Ukraine's president faced calls to resign on Wednesday over a $15-billion bailout from Russia which the opposition and protesters said had sold the country out to its former Soviet masters in Moscow.
Tens of thousands of protesters gathered in Kiev on Tuesday after President Viktor Yanukovich secured financial assistance and a gas price discount at talks with President Vladimir Putin, and several hundred spent the night in the freezing cold.
Opposition leaders have called for mass rallies over the holiday season on the central square occupied for weeks by protesters, who have pitched tents behind tall barricades.
"He has given up Ukraine's national interests, given up independence," Vitaly Klitschko, an opposition leader and heavyweight boxing champion, told the crowd on Tuesday.
Ukraine needs money to cover an external funding gap of $17 billion next year - almost the level of the central bank's depleted currency reserves - and avoid defaulting on its debts.
Underlining the depth of the problem, Russian Finance Minister said Moscow would buy $3 billion worth of Ukrainian Eurobonds as early as the end of this week, marking the first instalment in debt purchases to total $15 billion.
However, the United States warned Kiev the deal would not satisfy the protesters and German Chancellor Angela Merkel said ties with Russia should not prevent Kiev from looking West.
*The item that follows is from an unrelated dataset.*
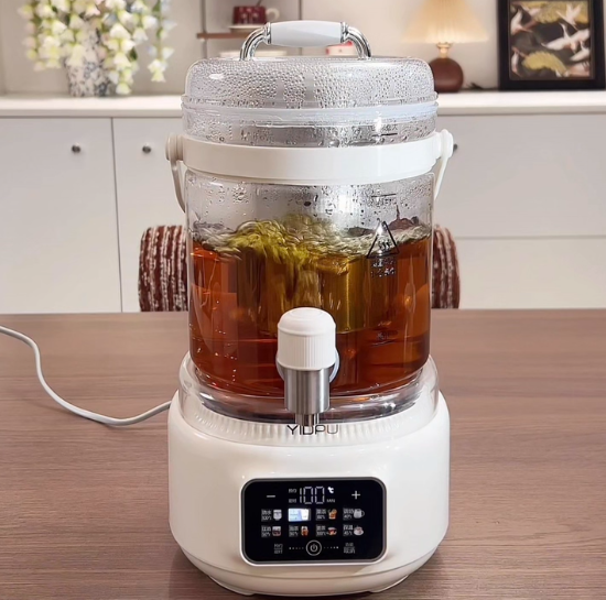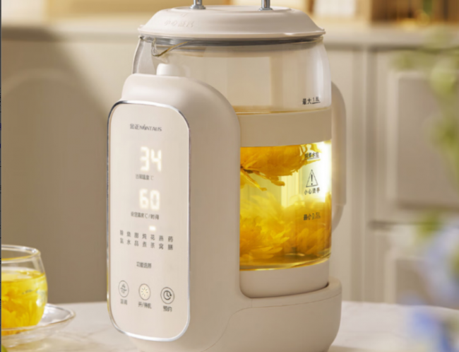 亮点分享:配备预约功能,可提前设定时间,上班前准备好食材,下班就能喝到热饮。温控精准,可根据不同饮品需求调节温度,适配多种茶类的烹煮。壶盖自带提手,开合便捷,中途加料也更方便。无论是通勤上班族,还是对茶饮种类与使用细节有要求的人,都能从中获得轻松便捷的使用体验。

"At the moment it seems to be an either-or proposition. ... We need to put an end to this," Merkel told ARD TV. "A bidding competition won't solve the problem."
Russian FM Sergei Lavrov told parliament on Wednesday that the West was continuing to put "overt pressure" on Ukraine.
Putin wants to bring Ukraine's big, mineral-rich market into a Eurasian Union he plans to build with Kazakhstan, Belarus and other ex-Soviet republics to match the economic might of the United States and China. Without Ukraine, it looks much weaker.
"This is a rescue. Without that money, Ukraine would have defaulted some time before the middle of next year," said Chris Weafer, senior partner with consultancy Macro-Advisory.
One analyst, Lilit Gevorgyan of IHS Global Insight, described the assistance as a "bandage but no remedy" for an economy that is heavily dependent on steel and agriculture and has struggled to modernise since the end of the communist era.
Yanukovich has been seeking the best possible deal for his country of 46 million but has been criticised in the West after police used force against the protests in the heart of Kiev.
Moscow, accused by European officials of bullying Kiev into dropping the EU deal last
month with the threat of economic retaliation, now has great financial leverage over Ukraine,
If it withdraws its money and alters the gas price, it could pull the plug on its neighbour. Putin appeared to stress this by saying the agreements on the gas price was temporary.